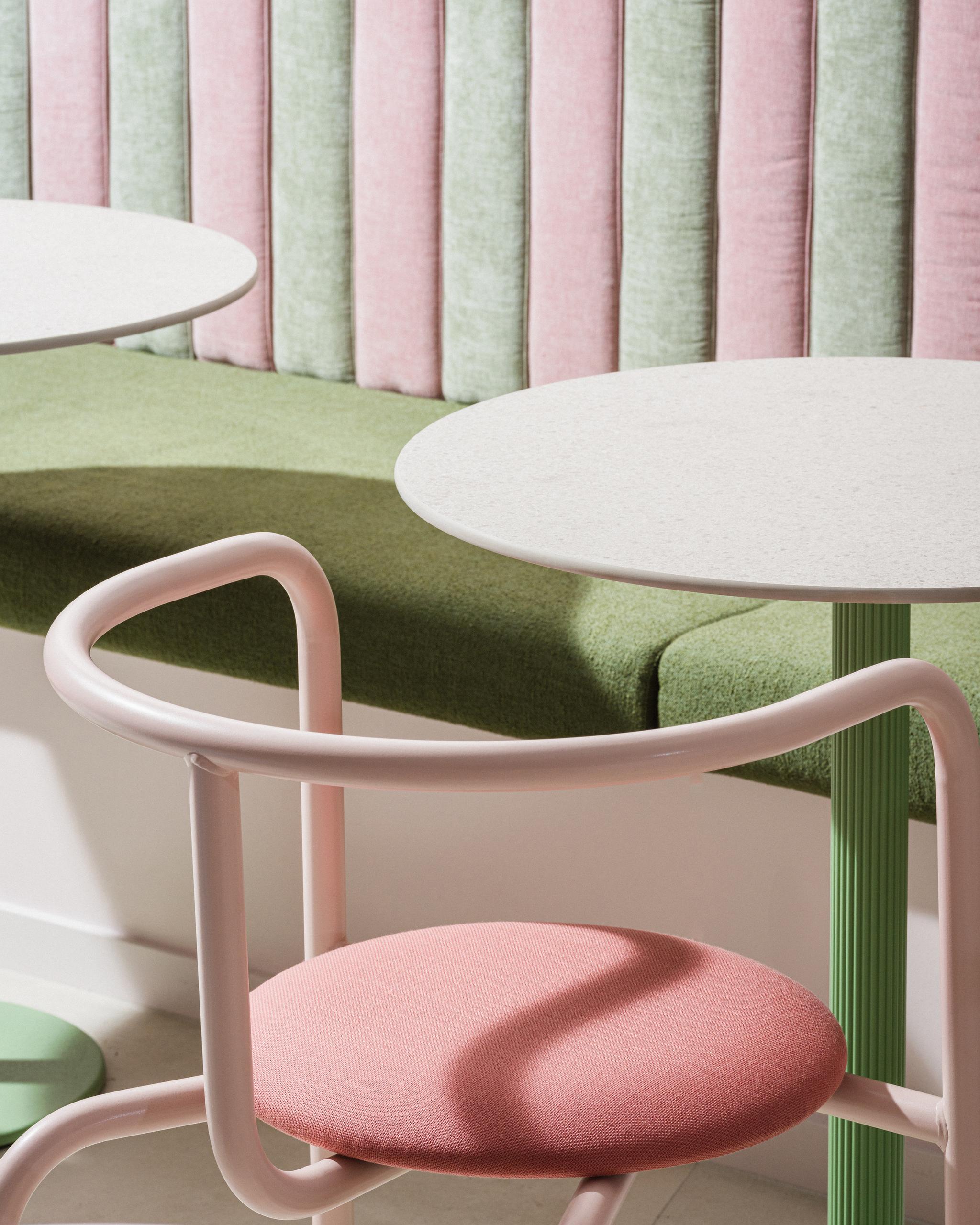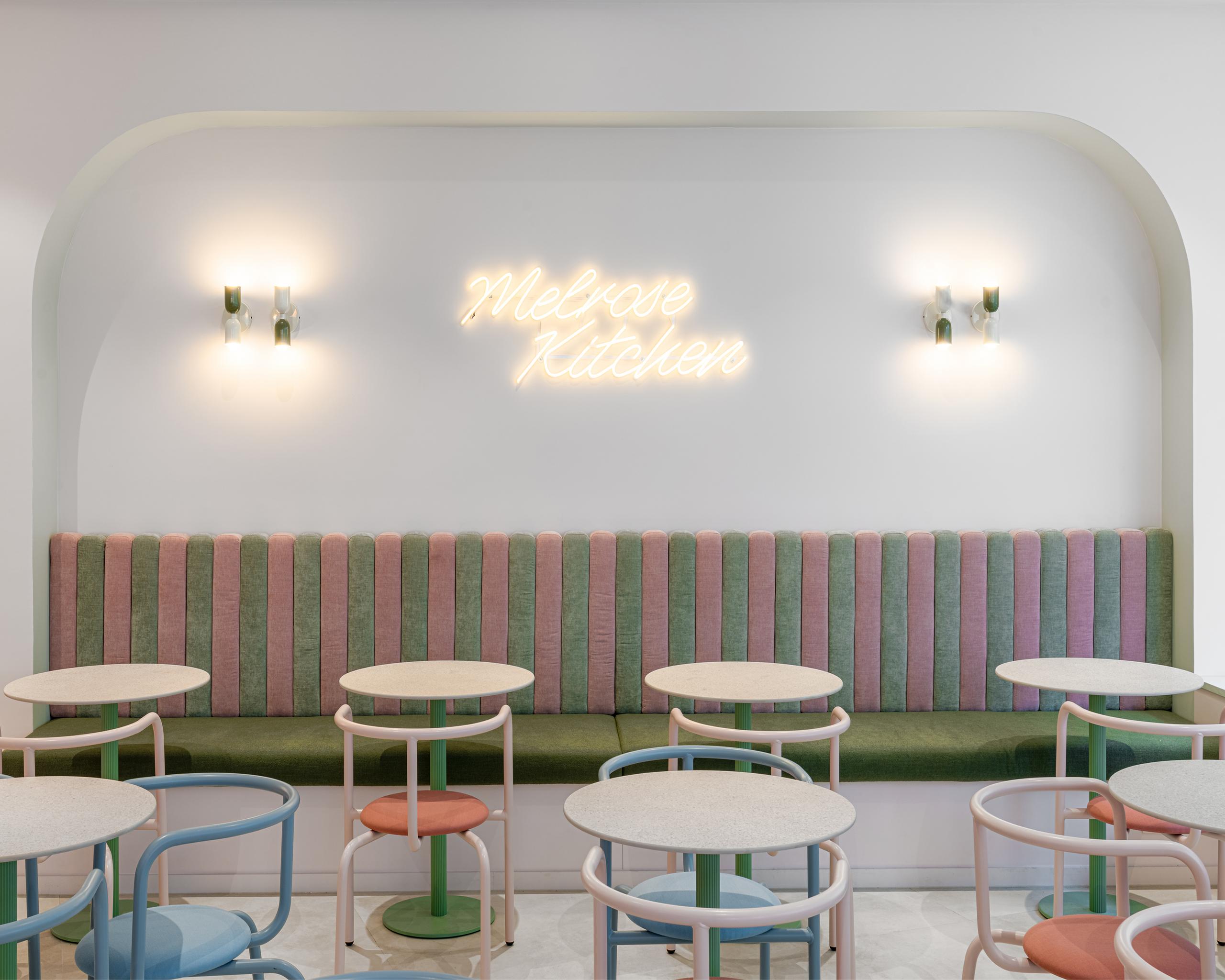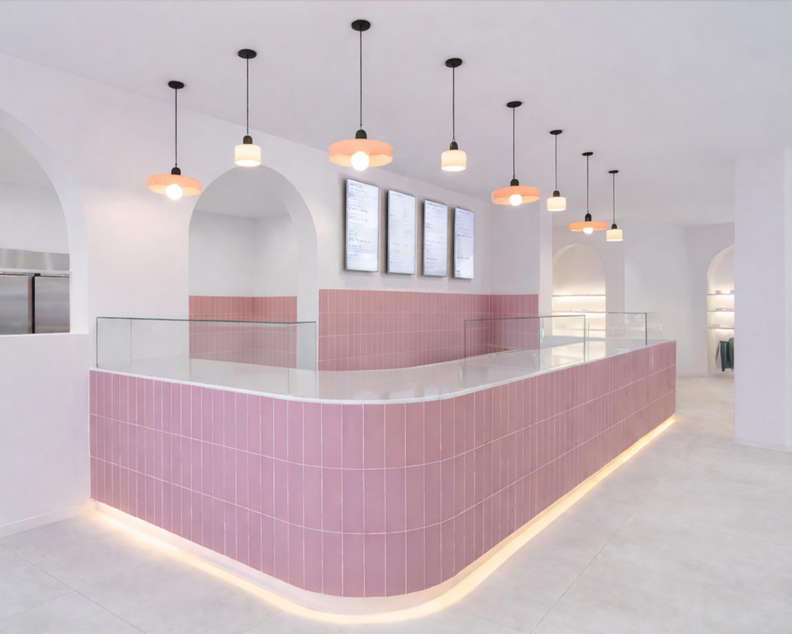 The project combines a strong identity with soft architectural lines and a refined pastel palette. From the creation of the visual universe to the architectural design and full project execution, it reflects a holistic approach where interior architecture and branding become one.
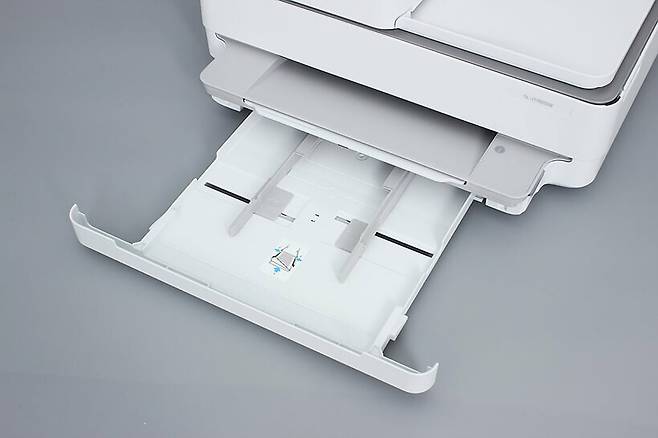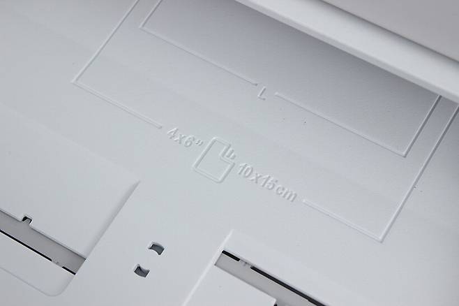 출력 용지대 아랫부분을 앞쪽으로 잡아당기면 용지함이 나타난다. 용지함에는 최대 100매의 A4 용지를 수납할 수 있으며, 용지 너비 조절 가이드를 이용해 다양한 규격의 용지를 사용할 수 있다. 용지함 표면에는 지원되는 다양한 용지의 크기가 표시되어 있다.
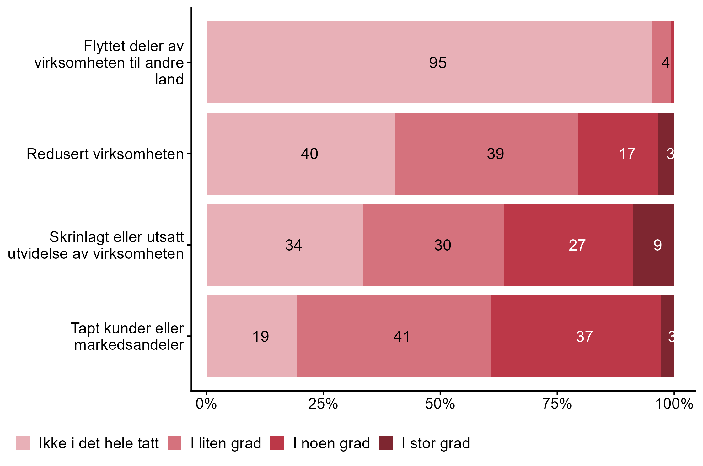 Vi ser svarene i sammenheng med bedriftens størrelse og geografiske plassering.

The problem: Each line of the data should be printed again exactly. Please leave pictures out.

Solution:
 The project combines a strong identity with soft architectural lines and a refined pastel palette. From the creation of the visual universe to the architectural design and full project execution, it reflects a holistic approach where interior architecture and branding become one.
 출력 용지대 아랫부분을 앞쪽으로 잡아당기면 용지함이 나타난다. 용지함에는 최대 100매의 A4 용지를 수납할 수 있으며, 용지 너비 조절 가이드를 이용해 다양한 규격의 용지를 사용할 수 있다. 용지함 표면에는 지원되는 다양한 용지의 크기가 표시되어 있다.
 Vi ser svarene i sammenheng med bedriftens størrelse og geografiske plassering.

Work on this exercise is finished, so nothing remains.